NEREO

Non metterti a piovere adesso, se no sono fregato.

Chiudo la portiera e premo il tasto sul telecomando. Il click della macchina mi tranquillizza: ora sì che è a prova di furto.

E meno male, perché è l'unica che possiedo.

Si sta alzando il vento, mi scompiglia i capelli... devo sempre tirarli indietro. Quasi potrei iniziare a legarli in un codino, sono abbastanza lunghi e forse, per il lavoro, sarebbe anche meglio.

Oh, ci sono ancora loro. Il gruppo delle mamme dell'asilo.

Ogni volta che vengo a prendere Alexi, devo sorbirmi i loro sguardi. Parliamo di trentenni e quarantenni che mi squadrano dalla testa ai piedi, il che non è che mi faccia molto piacere.

Ho ventitré anni, ci sono persone della mia età che ancora corteggiano ragazze in discoteca al venerdì sera, mentre io lavoro in banca, ho una band e una figlia da mantenere.

E la mia compagna... la mia Nadia che...

«Buongiorno!»

Un saluto entusiasta attira la mia attenzione. Queste donne non provano la minima vergogna nel guardarmi così, di fronte ai loro figli?

«Salve.»

Mi stringo nel trench per schermarmi meglio da quelle pantere. Per fortuna il mio lavoro mi ha insegnato a trattare con la gente. Uno schermo di falsità che mi protegge da rapporti umani indesiderati, senza però creare spaccature.

La perfezione.

Quasi non mi accorgo di essere di fronte alla classe Tulipano, e mi affaccio alla ricerca di mia figlia. I suoi occhioni azzurri non tardano a incrociare i miei, tra le guanciotte si apre il sorriso tipico di una bimba di tre anni.

Amo mia figlia più di ogni altra cosa al mondo.

«Papà!»

Mi corre incontro e la prendo in braccio. La sua testa bionda sa ancora di shampoo alla fragola, i vestiti hanno perso l'odore del ferro da stiro, ma sanno comunque di buono.

La sua guancia sfrega la mia, e le dò un bacio sul nasino, «Hai fatto la brava?»

Lei mi ignora per pavoneggiarsi, come fa ogni santo giorno.

«Lui è il mio papà, è il misicista più bravo di tutti!»

«Si dice musicista», la correggo e la metto a terra, «Prendi lo zainetto che ti porto da Alice, dai.»

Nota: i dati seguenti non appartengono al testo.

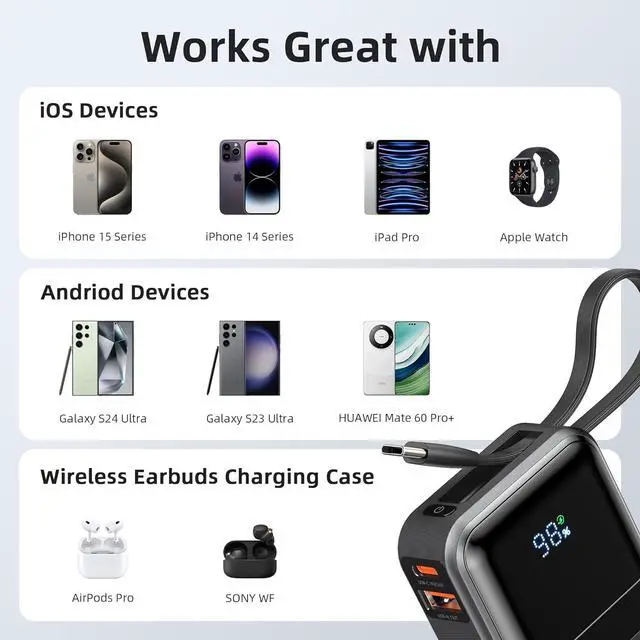 Rapid Portable Charger Type C: This 10, 000mAh power bank features 2 built-in cables (iOS & Type-C) and 2 charging ports (USB-A & USB-C), compatible with iPhone 16/15/15 Pro, Samsung-Galaxy-S23/S22/S21, Google Pixel, iPads, and more. Charge 4 devices at once time. Airline-approved, its the perfect travel companion

Si ferma, sporge il labbro inferiore e sgrana gli occhioni, «Ma... io... volevo vedere zia Ashley...»

Oh, oh. Conosco quello sguardo, e so già che non le resisterò.

Mannaggia le figlie femmine!

Mi scappa un sospiro, «E va bene... andiamo da zio Jean, così vedi zia Ashley, contenta?»

La vedo, questa mini arpia, che saluta tutti gli amichetti. Ora è tutta felice, ora.

Certo, basta che la porti da Zia Ashley... o da Zio Leon, peggio mi sento.

Mia figlia, tre anni, che corre dietro al mio migliore amico. Nemmeno fosse una storiella su Wattpad.

«Scusi», mi sento chiamare e mi giro, «credo le sia caduto questo.»

A giudicare dalla divisa, direi che quest'uomo è collaboratore scolastico. E sta allungando la mia patente. Ma quando diavolo è caduta?

Che imbarazzo.

«Grazie... sono davvero sbadato», dico.

«La fretta è una brutta bestia. Poi coi figli così piccoli...»

Anche empatico. Dio lo benedica!

«Non me lo dica!» Ecco, questo sorriso che gli sto rivolgendo, invece, è sincero. «Devo andare, ma mi sdebiterò. Arrivederci!»

Quasi mi dispiace andarmene. Non si trova più tanto spesso gente così cortese.

Arriviamo in breve tempo alla macchina, Alexi saluta tutti nemmeno fosse la Regina d'Inghilterra. Questa qui è socievole come sua madre.

La faccio salire in macchina, la lego al seggiolino. Di solito ci metto molto di più, ma basta nominare i suoi cinque zii che diventa subito ubbidiente.

Che paracula.

Entro nell'abitacolo anche io, getto uno sguardo di fuori.

Speriamo che Cass e Ashley non facciano tardi.